## [EXERCISE INSTRUCTIONS]
Reproduce the lines below verbatim. Pictures are to be omitted.

## [THE DATA]
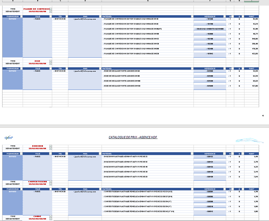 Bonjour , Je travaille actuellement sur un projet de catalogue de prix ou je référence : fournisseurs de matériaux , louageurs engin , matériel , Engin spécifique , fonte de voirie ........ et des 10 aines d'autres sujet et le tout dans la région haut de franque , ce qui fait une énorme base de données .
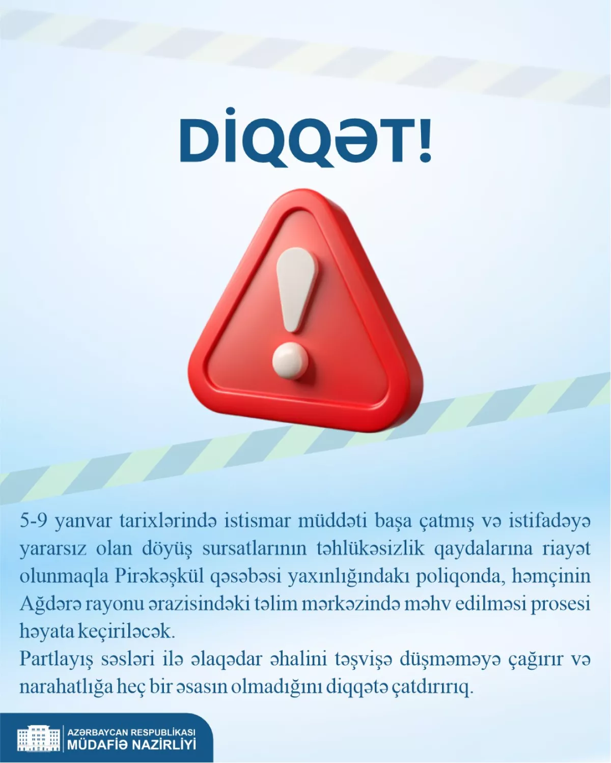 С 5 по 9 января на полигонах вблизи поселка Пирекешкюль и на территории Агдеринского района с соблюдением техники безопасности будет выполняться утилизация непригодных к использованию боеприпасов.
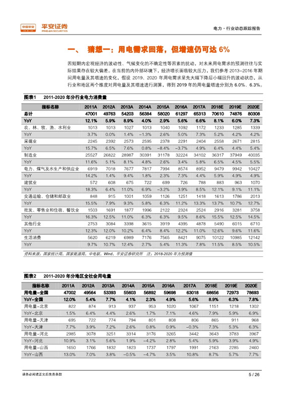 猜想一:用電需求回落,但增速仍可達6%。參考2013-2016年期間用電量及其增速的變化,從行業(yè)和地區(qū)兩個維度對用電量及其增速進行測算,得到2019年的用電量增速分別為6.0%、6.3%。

## [TASK RESPONSE]
 Bonjour , Je travaille actuellement sur un projet de catalogue de prix ou je référence : fournisseurs de matériaux , louageurs engin , matériel , Engin spécifique , fonte de voirie ........ et des 10 aines d'autres sujet et le tout dans la région haut de franque , ce qui fait une énorme base de données .
 С 5 по 9 января на полигонах вблизи поселка Пирекешкюль и на территории Агдеринского района с соблюдением техники безопасности будет выполняться утилизация непригодных к использованию боеприпасов.
 猜想一:用電需求回落,但增速仍可達6%。參考2013-2016年期間用電量及其增速的變化,從行業(yè)和地區(qū)兩個維度對用電量及其增速進行測算,得到2019年的用電量增速分別為6.0%、6.3%。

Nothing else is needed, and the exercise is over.